Structure structure = StructureParser.pdb()
    .pdbIdentifier("5w0y")
    .parse();

To parse a single PDB structure (analogously use mmtf() to parse structures in MMTF format)

List<Structure> structures = StructureParser.pdb()
    .pdbIdentifiers(Arrays.asList("5F3P", "5G5T", "5J6Q", "5MAT"))
    .parse();

To parse a multiple PDB structure.

Additionally, structures can be parsed using local files or local representations of the PDB by using local(). Here files can be provided using the File and Path class as well as the String representation of the file location. The parsing of InputStreams os also possible. Packed Gzip files will be unpacked on the fly.

StructureParser.local()
    .fileLocation("your_folder/myPDBFile.pdb")
    .parse();

To parse a structure from the provided file.

localPDB localPdb = new LocalPDB("/srv/pdb");
List<Structure> structures = StructureParser.local()
    .localPDB(localPdb, Arrays.asList("5k2c", "5k2d", "5iu4", "5iu7"))
    .parse();

To use a local PDB installations as a source for structures.

Here it is important to prepare the local pdb in the standard PDB folder structure.

With ChainLists it is possible to parse only specific chains from a text file.
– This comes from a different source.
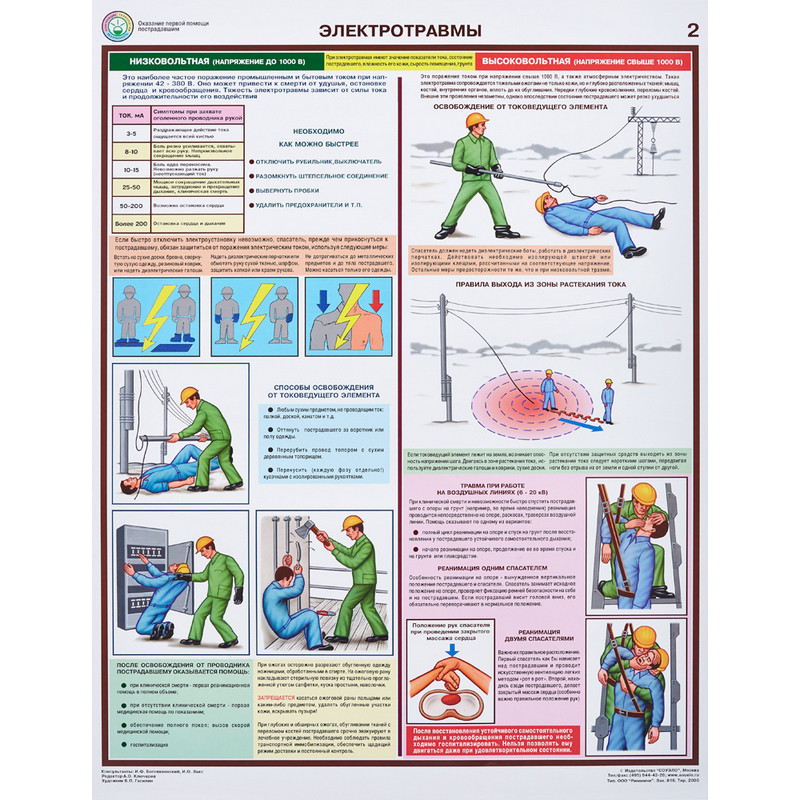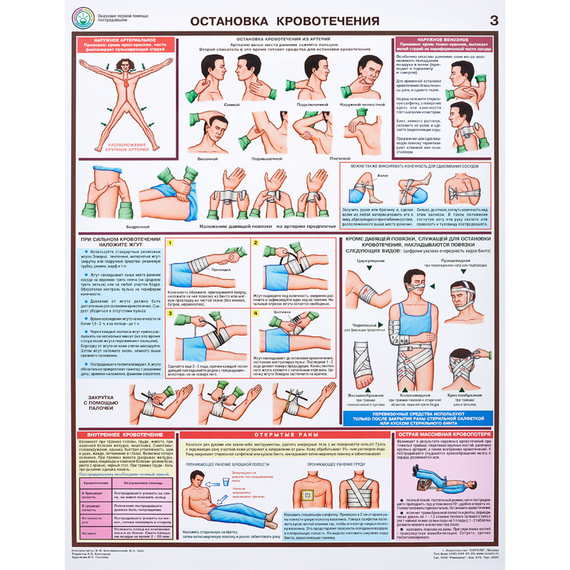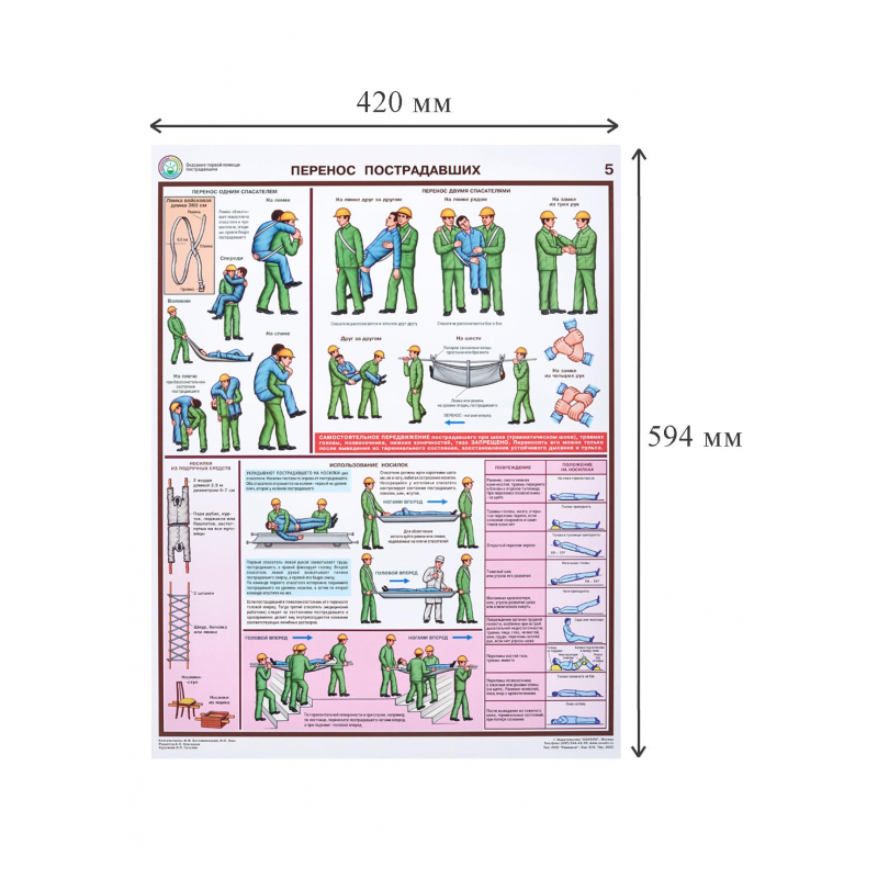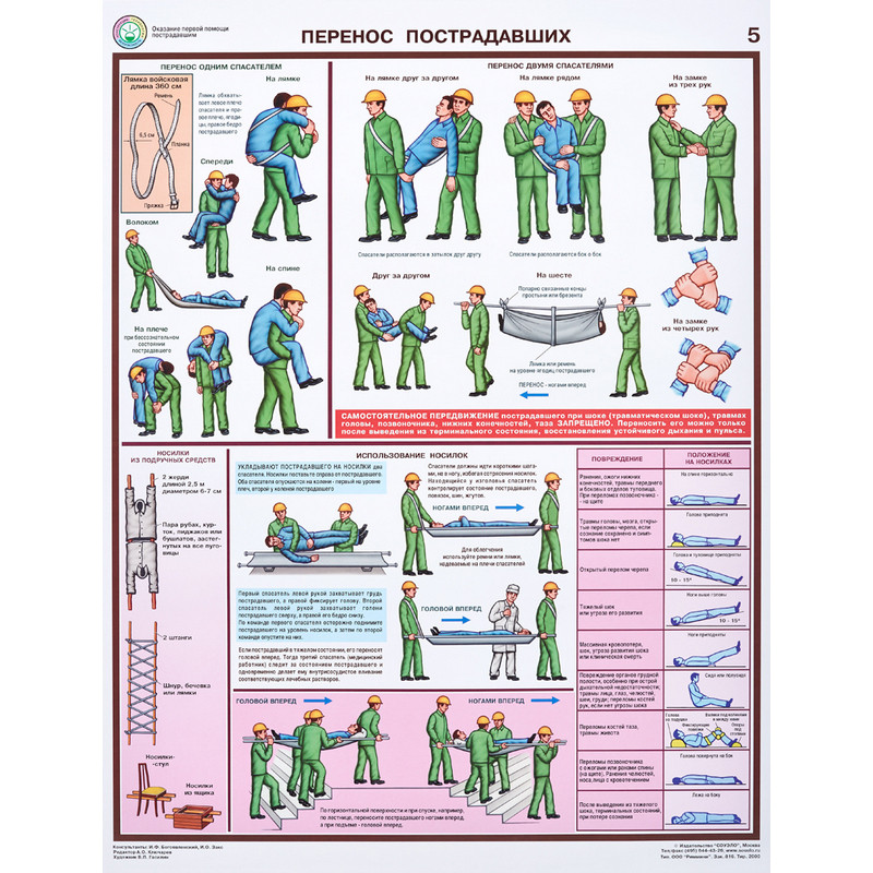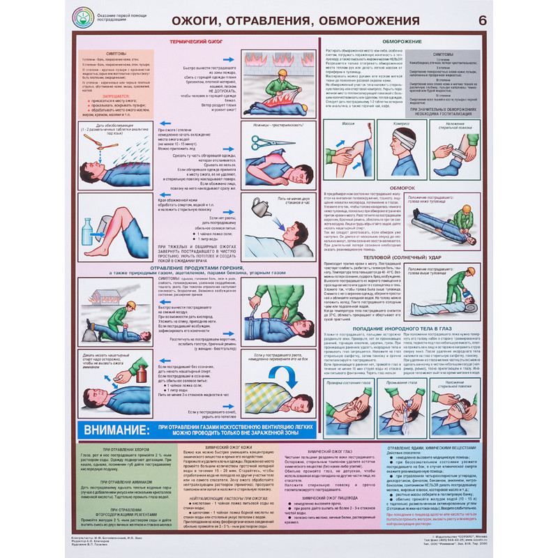 Плакат информационный по оказанию первой помощи пострадавшим. Наименование по ГОСТу: 'Оказание первой помощи пострадавшим'. Размер: 420x594 мм. В комплект входит 6 листов. 1. Перенос пострадавших 2. Транспортная иммобилизация 3. Остановка кровотечения 4. Электротравмы 5. Техника реанимации 6. Ожоги, отравления, обморожения Материал изготовления: бумага ламинированная. Страна происхождения: Российская Федерация.

To parse the chains from file it’s necessary to use the following format:

PDBID | separator | CHAINID

e.g.

1c0a:A

Use the .chainList(Path, String) method as follows:

List<Structures> structures = StructureParser.local()
         .localPDB(localPdb)
         .chainList(chainListPath, ":")
         .parse();

It is also possible to only parse specific domains using the annotations from the Pfam database. Furthermore you are able to parse chains containing these domains.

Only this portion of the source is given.